The angle of elevation of a jet plane from a point A on the ground is 60°. After a flight of 20 seconds at the speed of 432 km/hour, the angle of elevation changes to 30°. If the jet plane is flying at a constant height, then its height is:

Let the height of the jet plane be $$h$$ metres, and let $$A$$ be the point on the ground. Let $$B$$ and $$C$$ be the positions of the plane at the initial and final observations respectively, flying horizontally at constant height.

The speed of the jet is $$432 \text{ km/h} = 432 \times \frac{1000}{3600} = 120 \text{ m/s}$$. In 20 seconds, the horizontal distance covered is $$BC = 120 \times 20 = 2400 \text{ m}$$.

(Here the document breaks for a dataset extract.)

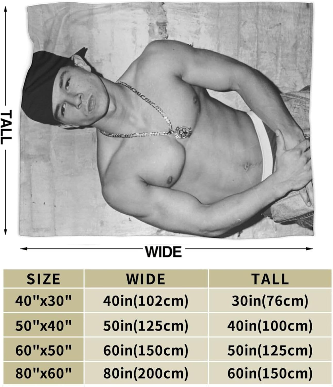Our Mark Wahlberg throw blankets can be found in three sizes: 40*30 inches,50*40 inches, 60*50 inches, 80*60 inches. To offer you extra selections.

Let $$D$$ and $$E$$ be the points on the ground directly below $$B$$ and $$C$$ respectively. From the angle of elevation at point $$A$$, we have $$\tan 60° = \frac{h}{AD}$$, giving $$AD = \frac{h}{\sqrt{3}}$$. Similarly, $$\tan 30° = \frac{h}{AE}$$, giving $$AE = h\sqrt{3}$$.

Since the plane flies away from $$A$$ (the angle of elevation decreases from $$60°$$ to $$30°$$), we have $$AE - AD = DE = BC = 2400$$. Therefore, $$h\sqrt{3} - \frac{h}{\sqrt{3}} = 2400$$.

Simplifying the left side, $$h \cdot \frac{3 - 1}{\sqrt{3}} = \frac{2h}{\sqrt{3}} = 2400$$, which gives $$h = \frac{2400\sqrt{3}}{2} = 1200\sqrt{3}$$ m.

Therefore, the height of the jet plane is $$1200\sqrt{3}$$ m.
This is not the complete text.